The Federal Administration's ICT strategy requires that IT services are provided in an economically efficient way, that they are
of irreproachable quality, that there is forward planning and that interoperability is ensured. Open source software (OSS) has a contribution to make here, provided certain prerequisites are met. Appropriate deployment can extend the Federal Administration's room for manoeuvre.
Situation analysis OSS ICT
On 22 March 2017, in response to postulate 14.3532 from National Councillor Edith Graf-Litscher on «Stocktaking and outlook for open source in the Federal Administration», the Federal Council performed a situation analysis of the 2005 OSS strategy. The report in response to the postulate provided an overview on the current use of OSS in the Federal Administration, and looked forward at the further steps that are needed. The report showed that OSS is currently being used to an appropriate extent. The decision on whether to use open source software or licensed software in the Federal Administration is based on the observed total cost of an IT application over its entire life cycle.
In order to achieve the objective of equal treatment for OSS and licensed software, the general terms and conditions of the Federal Administration were adjusted accordingly and guidelines were drawn up for the procurement offices.
ICT sub-strategy on OSS replaced by strategic guidelines
Since the ICT sub-strategy on open source software was published in 2005, open source software has steadily proliferated. Today, according to the annual Swiss open source study, a clear majority of businesses and authorities use open source software in many different areas. In the software industry, too, there are hardly any companies not using open source tools and components.

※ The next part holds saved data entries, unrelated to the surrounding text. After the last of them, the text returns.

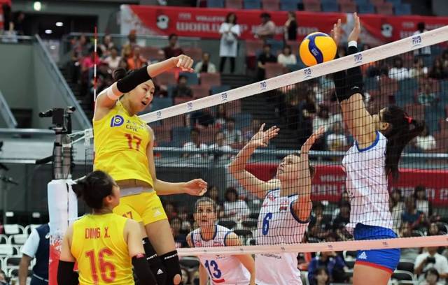 9月28日,中國隊球員顏妮(左上)在比賽中扣球。新華社記者 賀燦鈴 攝
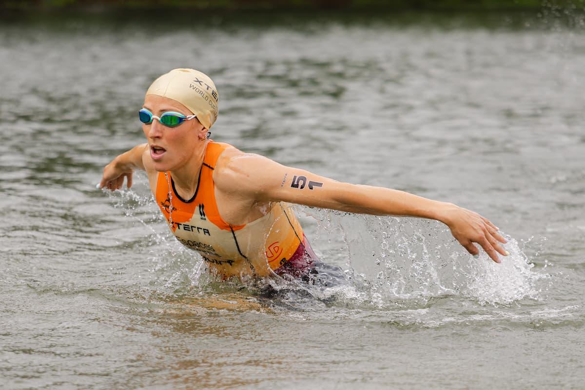 On the women’s side, Paties stayed controlled through the swim, then surged ahead on the bike and never looked back. “It was a bit tricky in the water with the rain, but the bike felt good even though it was slippery, but not too muddy,” she said. “I knew I had a gap off the bike, so I pushed again on the run.” Her 44:54 run split was the fastest of the day. Behind her, Aneta Grabmüller (CZE) stayed steady for second in 2:53:06, and Romy Spoelder (NLD) followed close behind in third at 2:53:24.
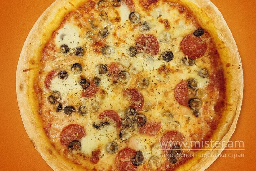 Італійське борошно, соус томатний, моцарела, шинка, маслини, салямі, моцарела кульками, пармезан, орегано.
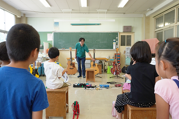 後半は、ギターやエフェクター、アンプなど近くで観察。実際に弦に触れたり、スイッチを押したり回したりして構造を確認した後、子どもたち一人ひとり順番にギターを演奏。最後は、安達によるジャズギターの演奏を全員で鑑賞しました。
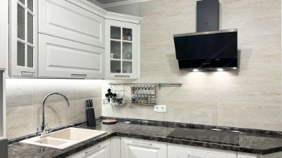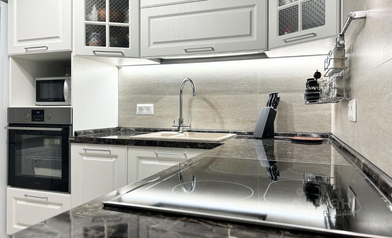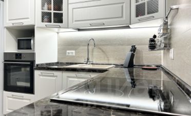 Кухня производства фирмы МАРИЯ, оборудована индукционной плитой, духовым шкафом, посудомоечной машиной. Фартук выполнен из керамогранита.
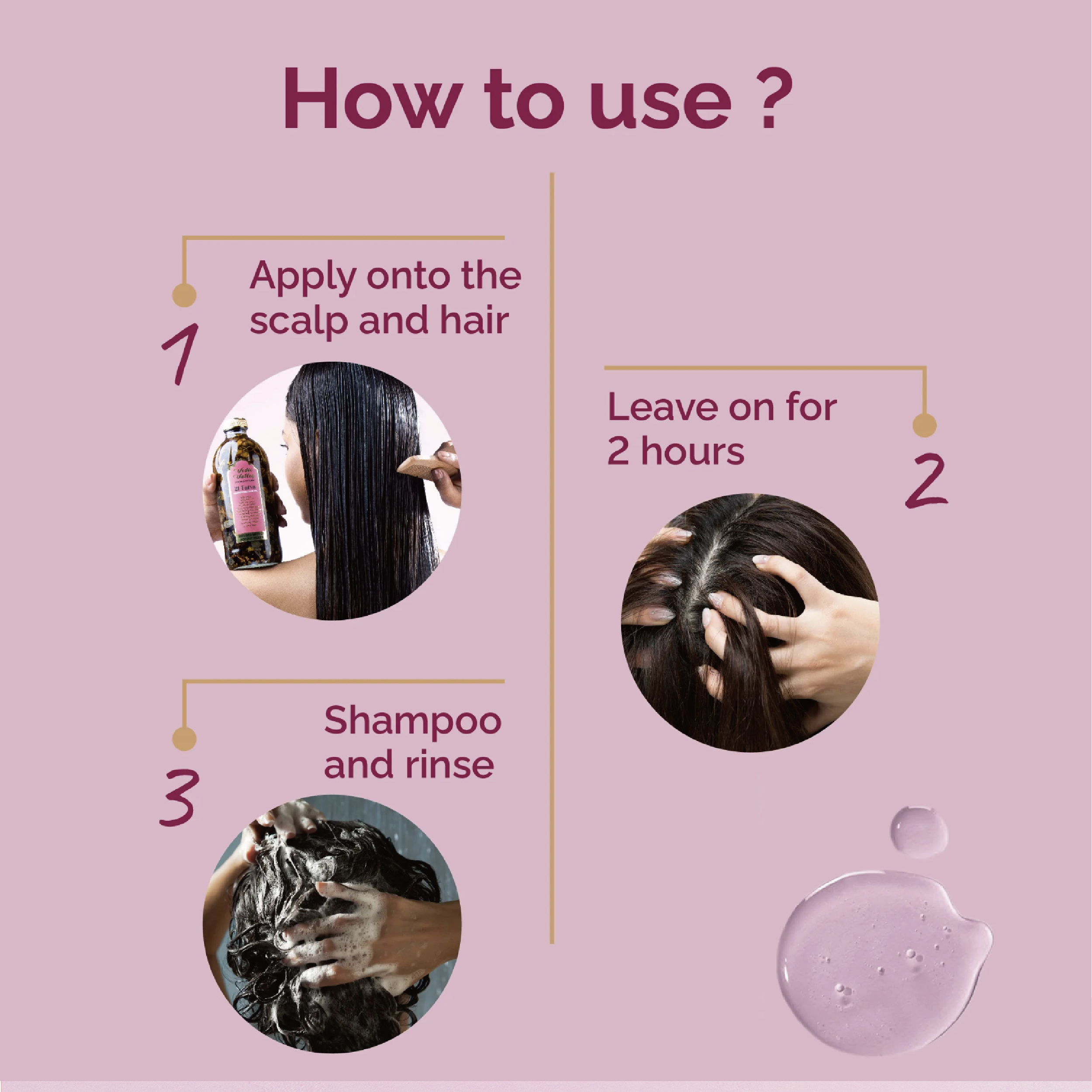 3. *靜置*:讓護髮油在頭皮和頭髮上靜置至少30分鐘,最好過夜,以便深入滋養和修復。

On 22 March 2017, the Federal Council decided to renew the open source sub-strategy of 15 March 2005. During the work to redraft the sub-strategy, most departments (FITC, IPC, individual specialist offices) were of the opinion that the sub-strategy should be replaced by strategic guidelines. Against this background, the open source sub-strategy of 15 March 2005 was replaced by the strategic guidelines on open source software in the Federal Administration of 1 February 2019, supplemented by concrete recommendations for action in the accompanying practical guide.